One problem is that where and how we split is dependent on the order we see packages, which is in
turn dependent on the preference you get e.g. from `uv.lock`. So it can happen that we solve your
requirements with specific forks, write this to the lockfile, and when you call `uv lock` again,
we'd do a different resolution even if nothing changed because the preferences cause us to use
different fork points. To avoid this we write the `environment-markers` of each fork and each
package that diverges between forks to the lockfile. When doing a new resolution, we start with the
forks from the lockfile and use fork-dependent preference (from the `environment-markers` on each
package) to keep the resolution stable. When requirements change, we may introduce new forks from
the saved forks. We also merge forks with identical packages to keep the number of forks low.
## Requires-python
To ensure that a resolution with `requires-python = ">=3.9"` can actually be installed for all those
python versions, uv requires that all dependency support at least that python version.

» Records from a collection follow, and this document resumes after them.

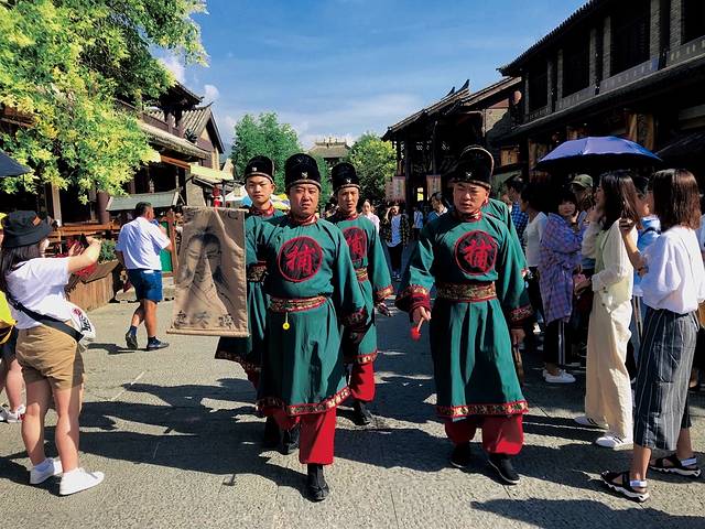 这里每天都会有舞狮表演,还会突然从人群中冒出来一群拿着通缉令的官兵,走到广场上表演电视剧桥段;走着走着还会有招亲活动,主人家站在阁楼上高喊谁可以获得小女芳心,将得到全部家财,惹得众人哄堂大笑。
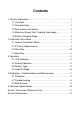 Contents 1 General Information ............................................................................. 1 1.1 Overview ..................................................................................... 1 1.2 Characteristics ............................................................................ 2 1.3 Accessories Instructions ........................................................... 3 1.4 Maximum Power Point Tracking Technology ......................... 3 1.5 Battery Charging Stage ...........
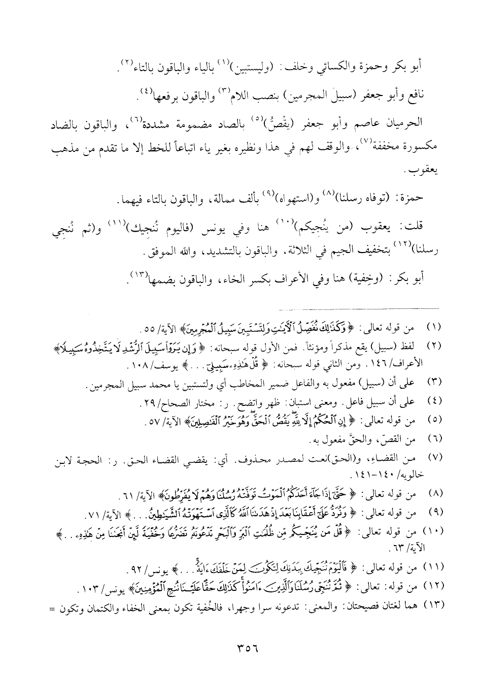 (رَبِّي إِلَى صِرَاط مُسْتَقِيم) فتحهَا نَافِع وَأَبُو جَعْفَر وَأَبُو عَمْرو. (ومحياي) سكنها أَبُو جَعْفَر وَنَافِع بِخِلَاف عَن ورش.
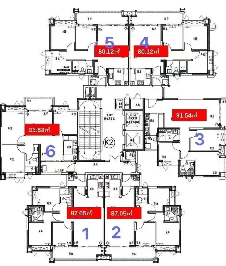 梯户比:2梯3户、3梯5户、3梯6户

We reject
package versions that declare e.g. `requires-python = ">=3.10"` because we already know that a
resolution with that version can't be installed on Python 3.9, while the user explicitly requested
including 3.9. For simplicity and forward compatibility, we do however only consider lower bounds
for requires-python. If a dependency declares `requires-python = ">=3.8,<4"`, we don't want to
propagate that `<4` marker.
## Wheel tags
While our resolution is universal with respect to requirement markers, this doesn't extend to wheel
tags. Wheel tags can encode Python version, Python interpreter, operating system and architecture,
e.g. `torch-2.4.0-cp312-cp312-manylinux2014_aarch64.whl` is only compatible with CPython 3.12 on
arm64 Linux with glibc >= 2.17 (the manylinux2014 policy), while `tqdm-4.66.4-py3-none-any.whl`
works with all Python 3 versions and interpreters on any operating system and architecture. Most
projects have a (universally compatible) source distribution we can fall back to when we try to
install a package version and there is no compatible wheel, but some, such as `torch`, don't have a
source distribution. In this case an installation on e.g. Python 3.13 or an uncommon operating
system or architecture will fail with a message about a missing matching wheel.